C’est la rentrée et pourtant, à Berlin, tout le monde s’en va. Car Berlin est une ville-parenthèse pour beaucoup, un espace de liberté qu’on s’offre plus souvent l’été que l’hiver, quand le temps est clément. L’ennui, amis lecteurs, c’est que votre blogueuse, qui s’attache aussi facilement qu’un labrador, a le cœur arraché lorsque ses amis de passage remballent leurs petites affaires et rentrent au pays. Après presque quatre ans de vie berlinoise, je ne m’y fais toujours pas. Verdammt !
Artistes en résidence, étudiants en Erasmus, correspondants en mission pour un magazine, thésards boursiers pour un an, flâneurs internationaux… ce sont des Berlinois temporaires. La capitale allemande en est pleine à craquer. Beaucoup de mes amis en sont.
Il y a trois ans déjà, j’ai fait une lourde perte, lorsque mon ami Tim, un surfeur australien plus sympa qu’un sémillant kangourou, avait décidé de rentrer au pays après deux ans de Berlinade. Tim avait des origines allemandes et était venu les retrouver. Il avait réappris la langue, travaillait comme graphiste free-lance. Le froid, le manque de boulot bien payé et l’absence complète de spots de surf l’a finalement convaincu de rentrer en Australie.
L’économie peu réjouissante de la capitale allemande, la barrière de la langue, insurmontable pour certains dirait-on, et l’hiver difficile font fuir bien des Berlinois de passage.
Tim et moi nous dîmes au-revoir devant le tramway jaune ; je cachais ma peine, il me souriait, toujours « positive, be positive », on se reverra disait-il, les vrais amis sont liés. Trois ans après, il est marié, s’est acheté une maison ; son business, à Melbourne, est florissant.
C’était la première d’une longue suite de disparitions en chaîne. Ma meilleure amie, Madame de., décida ensuite de rentrer en France pour poursuivre sa carrière d’actrice, avec un succès d’ailleurs assez spectaculaire. Maintenant, chaque fois que je passe devant la station de U-Bahn Gneisenaustrasse, j’entends ses éclats de rire, je la vois, belle et drôle, danser à la fenêtre de cet appartement que nous partagions dans la Zossener Strasse, à Kreuzberg. Un mirage.
Difficile de compter le nombre de fêtes d’adieu que j’ai faites ces trois dernières années : le groupe de pote rockeurs qui part tenter sa chance à New-York, la stagiaire française qui en a marre de se faire exploiter, ma traductrice et amie allemande qui s’arrache à vie à Taïwan sur un coup de tête en plein milieu du montage de notre pièce de théâtre…
Mais ces derniers temps, c’est l’hécatombe.
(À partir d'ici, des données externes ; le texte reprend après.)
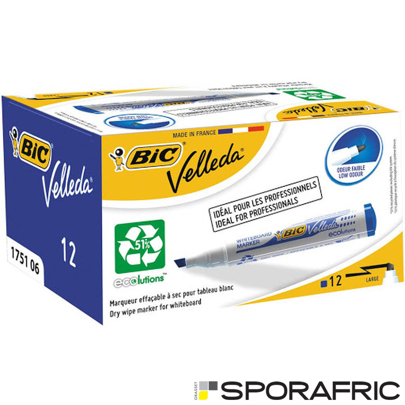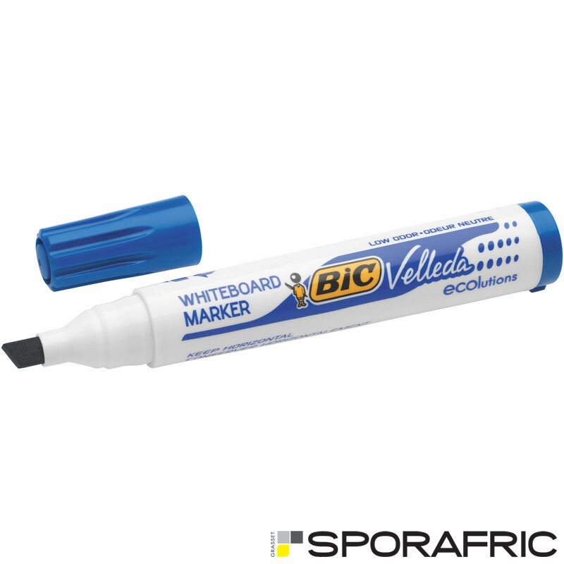 Ces marqueurs de tablettes BIC® Velleda® sont dotés d’encres à base de cétone pour des couleurs vives et vives. Le marqueur est très facile à essuyer, ce qui rend ces marqueurs particulièrement adaptés à une utilisation quotidienne à la maison, au bureau ou en classe.<br /><br />Le capot est ventilé et a la même couleur que l’encre, ce qui facilite la prise du bon marqueur. Les marqueurs ne contiennent pas de PVC et sont fournis dans un corps en plastique pratique. Ces marqueurs sont fabriqués à partir de 51% de matériaux recyclés, ce qui en fait un choix respectueux de l’environnement.<br /><br />En outre, ils utilisent des encres à faible odeur à base de cétone pour fournir une expérience de frappe plus confortable.<br /><br />Marqueur sans PVC<br /> Encre de cétone pour des couleurs vives et vives<br /> Fabriqué à 51% de matériaux recyclés<br /> Pointe inclinée<br /> Largeur de ligne de 3,7 à 5,5 mm<br /> Très facile à essuyer<br /> Corps en plastique<br /> Capot ventilé de la même couleur que l’encre<br /> Couleurs: Bleu<br /> Boîte de 12 pcs.

Je me demande comment je vais survivre. Quand Ekatarina m’a annoncé, perchée sur son balcon, moi en dessous, qu’elle avait obtenu sa bourse pour son PhD à Seattle, c’était Roméo et Juliette à l’envers. J’ai cru que j’allais mourir sur place, qu’on allait zapper les actes III et IV et passer tout de suite à l’acte V. A la place de la fiole de poison, j’achetai du pinard, que nous bûmes pour faire semblant de fêter la bonne nouvelle. Ekatarina est partie depuis un mois et tout Neukölln semble désert désormais.
Puis ce fut le tour de Nicolas, l’enfant de Marx et Coca-Cola (voir son blog ici), un jeune Québécois à mèche et accent, une race que je chéris et dont le chef de file est Xavier Dolan, bien entendu. J’ai cherché un patch antidouleur, qui soulage les maux d’adieux, et je n’en ai point trouvé. Verdammt.
Je m’apprête désormais à dire au-revoir au prince de mon cœur, que l’on envoie de force dans une grosse boîte au Qatar, le pauvre. Autant dire dans un camp de travaux forcés capitaliste. Ils s’en vont tous, et moi je reste là, les pieds dans le béton berlinois, mes sandales d’été se mueront bientôt en bottes fourrées à crampons, la brise d’été viendra me fouetter le visage dans son nouvel habit glacial, la neige tombera sur mes épaules comme elle tombe, près de moi, sur Oskar, le labrador qui attend son maître à la sortie du Lidl.
Oui, il y a les amis qui arrivent aussi, et ceux qu’on rencontre, chaque jour, parce que Berlin est inépuisable de merveilles, de gens précieux et rares ; mais aucun être n’est remplaçable.
A ceux qui partent, j’attends votre retour, au coin de la Hobrechtstrasse et de la Prenzlauer Allee.